### WORKING DATA
.....

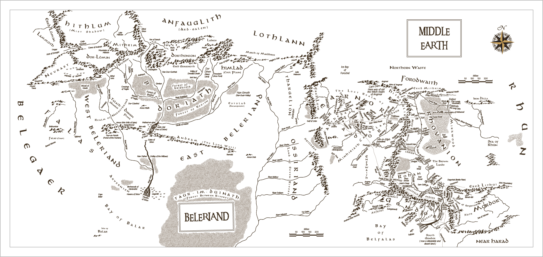 I've never seen a map covering both Beleriand and Middle Earth before so when I saw this I just had to get it. The art is amazing, it looks like it came straight from the maps in the Lord of the Rings books. The amount of detail is incredible and the color of the water really makes everything pop. I really wish I could describe how great it looks, but I'm no master poet like Tolkien. All I can say is it's totally worth having for any fan of the Silmarillion and Lord of the Rings.
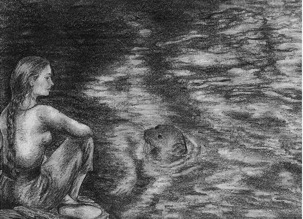 Sisters (9" x 6", pencil) The girl looking into the water is modelled on my dear friend Holly Finnen, who is, to all intents and purposes, my sister (and whose hair is considerably longer than that). The water and seal are gleaned from a trip to the Chicago Oceanarium. Unfortunately, that means the seal's a harbour seal - in proper folklore, selkies were supposed to be the larger grey seals, and the harbour seals only animals. (No, I'm never anal about these things). |
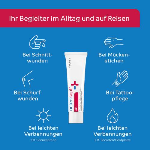 Egal, ob Schürf- , Kratz- und Schnittverletzungen oder leichte Verbrennungen wie Sonnenbrand – octenisept® Gel bietet schnelle Hilfe bei akuten Wunden. Bereits beim Auftragen wird der Schmerz deutlich reduziert. Nach 60 Sekunden bildet sich eine dünne Schutzschicht auf der Wunde, die das Eindringen von Keimen und Bakterien verhindert.
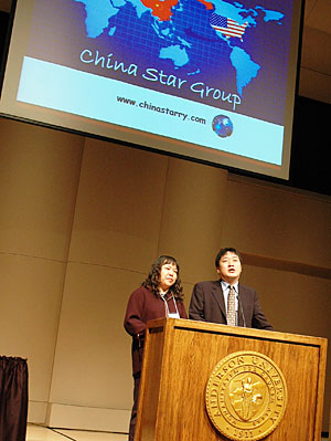 Chao Jiang, president of China Star and official of the ministry of education of China, speaks to the attendees at the Consortium on Global Education Conference with the aid of an interpreter.The Consortium for Global Education, or CGE, partners Baptist universities with colleges in other countries for meaningful exchanges of cultures, instruction and ideas. Not only did the South Carolina Baptist universities – Anderson, Charleston Southern and North Greenville – participate in the Anderson meeting, but Baptist universities such as Baylor, Samford, Missouri Baptist, California Baptist, Union, and Dallas Baptist participated as well. This was the first time the organization has held its annual conference in South Carolina.
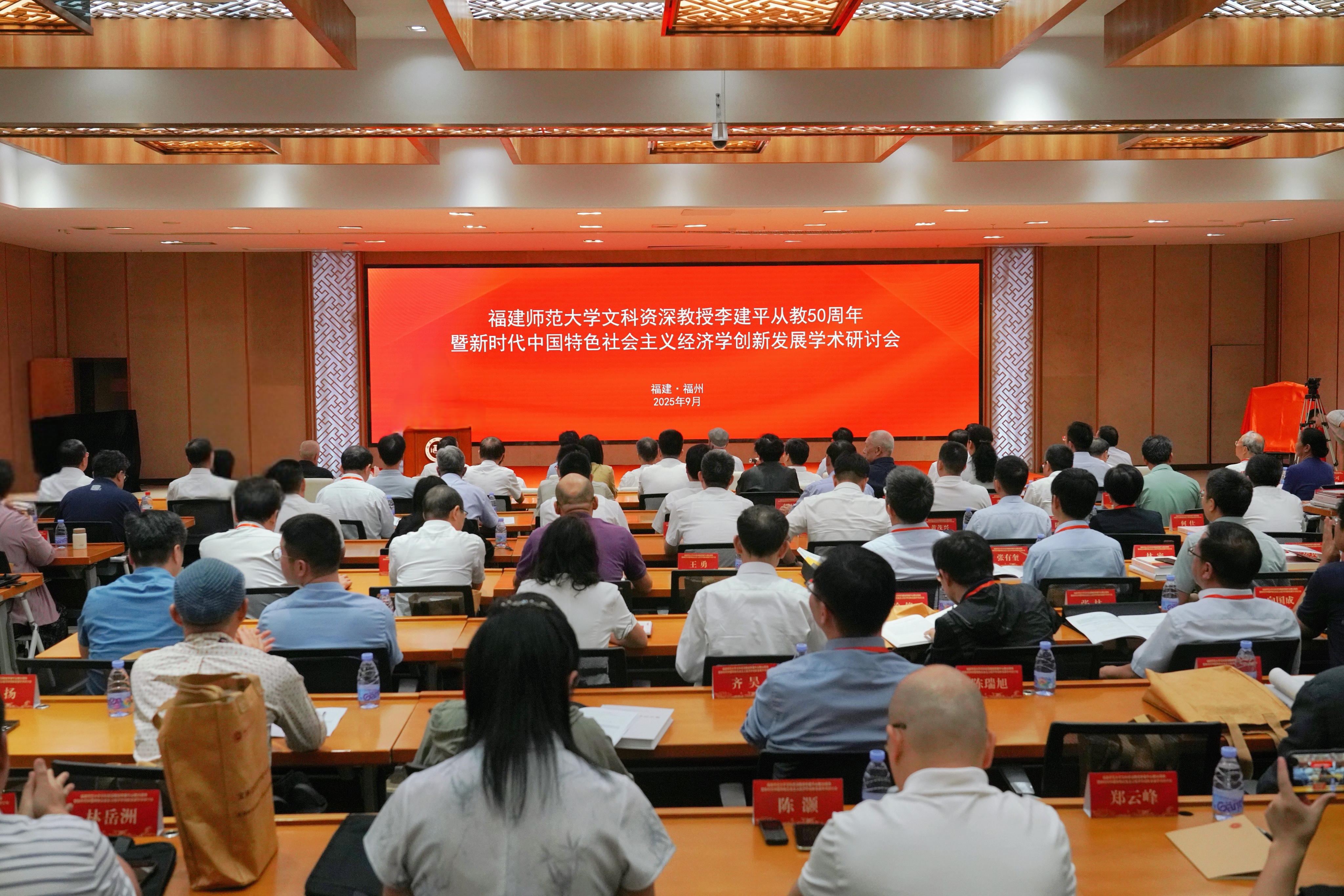 省人大常委会党组副书记、副主任陈冬,省人大常委会原党组副书记、副主任叶双瑜,中国人民大学原校长、国家一级教授、教育部高等学校经济学类专业教学指导委员会主任委员刘伟,中国社会科学院学部委员、世界政治经济学学会会长程恩富,中国人民大学国家一级教授、中国社会科学院学部委员王国刚,中国人民大学教授、中国《资本论》研究会会长张宇,上海财经大学校长刘元春,吉林大学党委副书记韩喜平,吉林财经大学原副校长丁堡骏,省委宣传部常务副部长王建南,省委教育工委委员、省教育厅党组成员、副厅长黄建顺,省社科联副主席、一级巡视员陈文章,福建社科院党组书记、副院长宋建晓等领导、专家和省直单位负责人出席开幕式。中国青年出版总社总编辑陈章乐、福建省委党史方志办主任刘大可、省退役军人事务厅厅长罗庆春、省市场监督管理局局长黄水木、省统计局局长叶飞文、泉州师范学院党委书记柯瑞清、三明学院党委书记陈列平、中国建设银行台北分行行长杨达远等30多位厅局级校友,以及省内外专家学者、各界校友代表,中央和省内媒体记者和师生代表等共180多人参加活动。校党委书记潘玉腾在开幕式上致欢迎辞,校长郑家建主持开幕式,校党委副书记陈晓红主持研讨会专家发言环节。
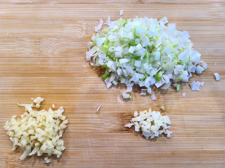 1. にんにく、しょうが、長ねぎを粗みじん切りにします。
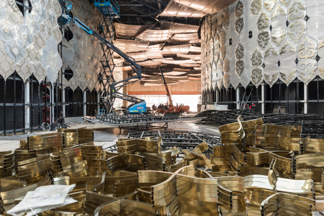 Оказалось, что красный цвет с конкурсных визуализаций татарской культуре не близок. Архитекторы Wowhaus пригласили для разработки декора Народного художника Республики Татарстан Наилю Кумысникову, она вместе с дизайнером Джамилем Федотовым предложила использовать золотые и серебряные поверхности так, чтобы превратить фойе в сокровищницу последней царицы Казанского ханства Сююмбике. Есть легенда, что ее казна была спрятана на дне озера Кабан, многие пытались искать. Когда на площадку принесли готовые элементы, они и правда напоминали груды монет.

.....

### EXERCISE OBJECTIVE
Begin with the line holding "1. にんにく、しょうが、長ねぎを粗みじん切りにします。" and end with the last line of the listing. Reproduce each of those lines exactly, and leave every picture out.

### ANSWER TO THIS EXERCISE
 1. にんにく、しょうが、長ねぎを粗みじん切りにします。
 Оказалось, что красный цвет с конкурсных визуализаций татарской культуре не близок. Архитекторы Wowhaus пригласили для разработки декора Народного художника Республики Татарстан Наилю Кумысникову, она вместе с дизайнером Джамилем Федотовым предложила использовать золотые и серебряные поверхности так, чтобы превратить фойе в сокровищницу последней царицы Казанского ханства Сююмбике. Есть легенда, что ее казна была спрятана на дне озера Кабан, многие пытались искать. Когда на площадку принесли готовые элементы, они и правда напоминали груды монет.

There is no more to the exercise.